Friday, April 1, 2011

Lenten Chocolate Cake

The following recipe for Lenten Chocolate Cake was submitted by Abigail Burke. Thank you Abigail!


"I was raised in the Eastern Orthodox Church, and during Great Lent we followed a strict fast of no meat or dairy products (with the exceptions of Sundays). My parents, as well as other members of our church, were creative in coming up with recipes for families during this time. For example, if a birthday fell during Lent we made Lenten Chocolate Cake. It's a cake that requires no dairy or animal products. It's surprisingly moist and tasty. Here is the recipe--hope you enjoy!"

Lenten Chocolate Cake

Ingredients: 

3 cups flour
2 tsp baking soda
6 Tbsp good unsweetened cocoa powder
1 tsp salt
2 cups sugar
3 Tbsp vinegar (any flavor will do; I generally use apple cider vinegar)
2 tsp vanilla
3/4 cup cooking oil
2 cups cold water

Directions: 

Sift the flour, baking soda, cocoa, salt and sugar together in a large bowl.

Add the vinegar, vanilla, oil, and water to the dry ingredients and mix well.
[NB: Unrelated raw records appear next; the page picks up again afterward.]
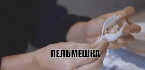 Paglalarawan ng Content: a close up of a person making a dumpling with the word пельмешка in the background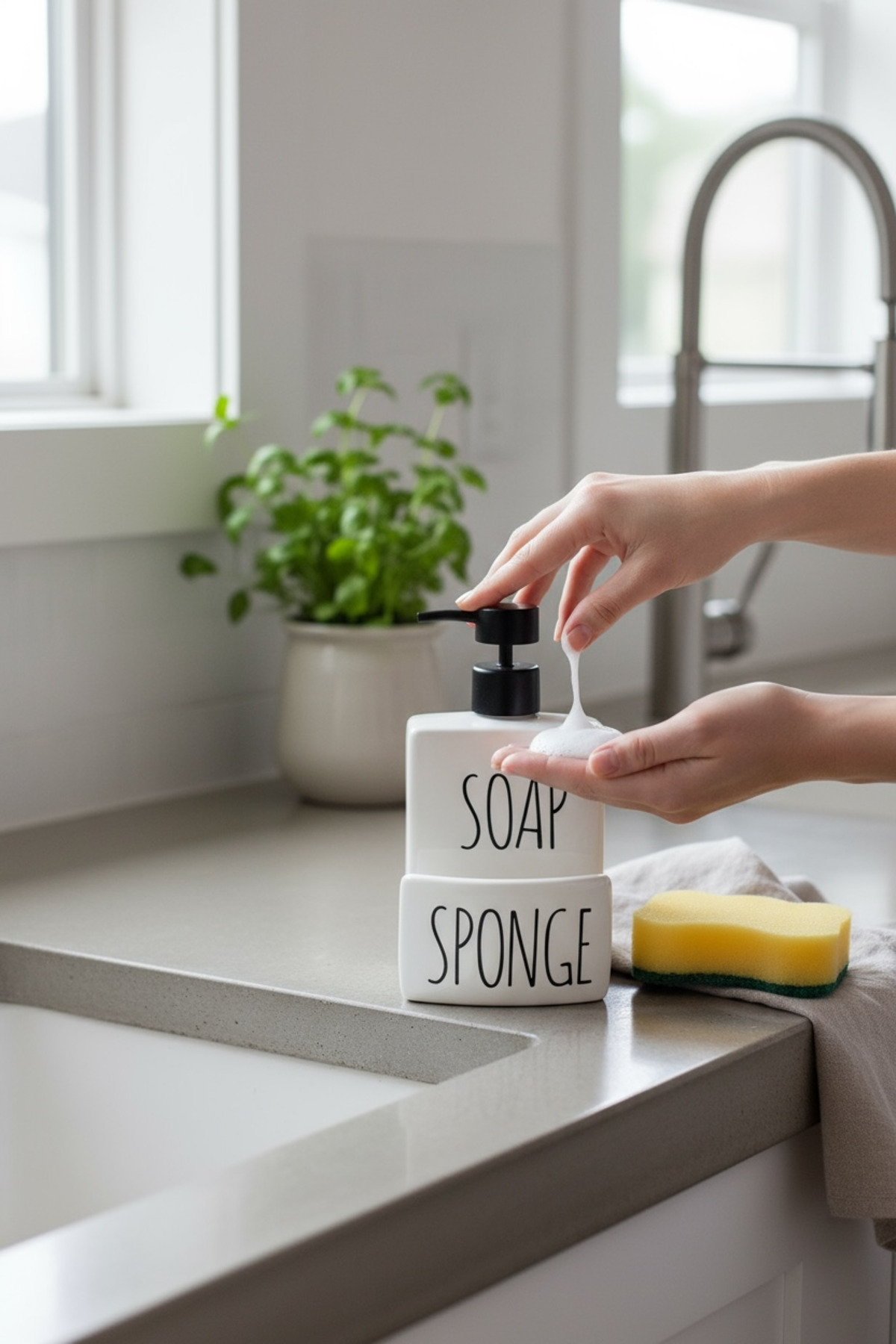zezedesing طقم صابون وإسفنجة سيراميك - صابون وإسفنجة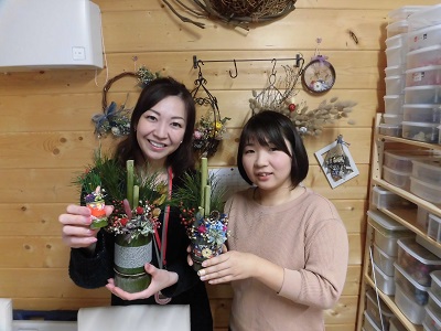 自宅の裏山にある竹と松、そして自分の農家で栽培している花で作ったドライフラワーを使って作ります。

Because of the soda and vinegar combination you'll see some bubbles and that's normal.

 Pour batter in a greased 9 x13 pan and bake at 350 for 45 minutes.
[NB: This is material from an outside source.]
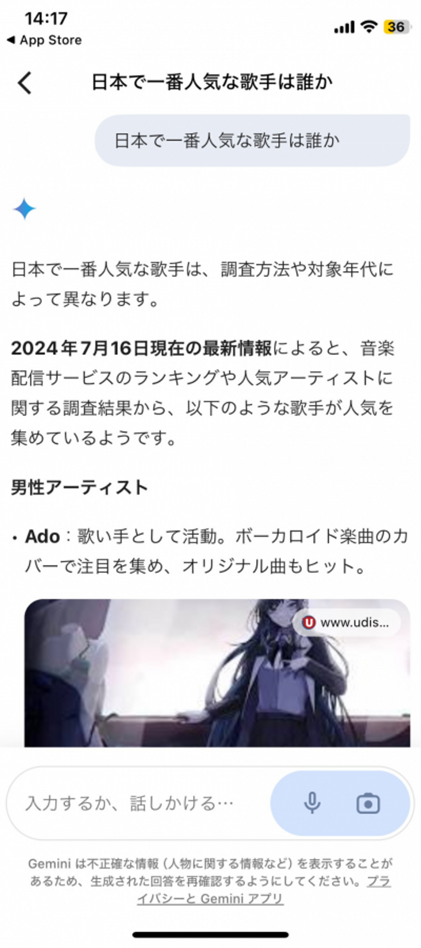 この機能は、他のAIモデルでよく見られる「ハルシネーション(Hallucination:幻覚)」 (もっともらしいが「事実とは異なる内容」や「文脈と無関係な内容」といった誤情報を、人工知能(AI)が生成することである )現象をある程度克服することを目的としています。また、Geminiの応答は、Google検索を通じてさらに深掘りするのも簡単であり、Gemini自体でウェブサイトから画像を取得することも非常に簡単です。この点は、現時点では他のAIモデル(例えばChatGPT)にはできないことです。これは、GeminiがGoogleのエコシステムを享受していることに起因しています。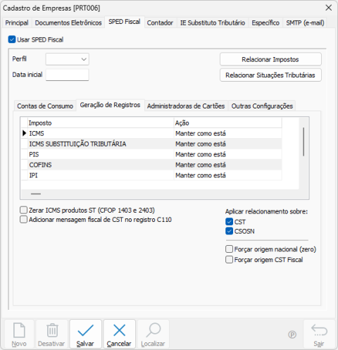 | Usar SPED Fiscal | Marcação obrigatória para habilitar a geração do arquivo para esta empresa. |

You may make a butter cream frosting using margarine instead of butter if you like (to keep the cake dairy free) or dust with powdered sugar to serve. It also goes well with fresh fruit.

Pin It

5 comments:

  1. what a great recipe ... all pantry items so good for baking at the end of the month when finances are tight and groceries are at a minimum!

    ReplyDelete
  2. I love this recipe! My oldest sister used to make it with us younger kids when we were little -- she called it "Crazy Cake" and mixed all the ingredients directly in the cake pan. We loved seeing the chemical reaction! :) Thanks for reminding me of this -- I haven't thought of it in years, and my own children would love it, too!

    ReplyDelete
  3. I have this recipe from an old vegan cookbook, I think it was called "Please Don't Eat the Animals Cook Book", and it is a delightfully light and fluffy chocolate cake.

    ReplyDelete
  4. Does anyone know if this needs high-altitude adjustments (6700 ft)?

    -Anne Marie

    ReplyDelete
  5. I just made this cake tonight (even though it isn't lent) and added chocolate chips. I used powdered sugar instead of frosting. It was so yummy! Because there wasn't eggs in it, my 2-year-old and I snuck some bites of batter, too! I live at high elevation (5400) and made no adjustments and it turned out fine.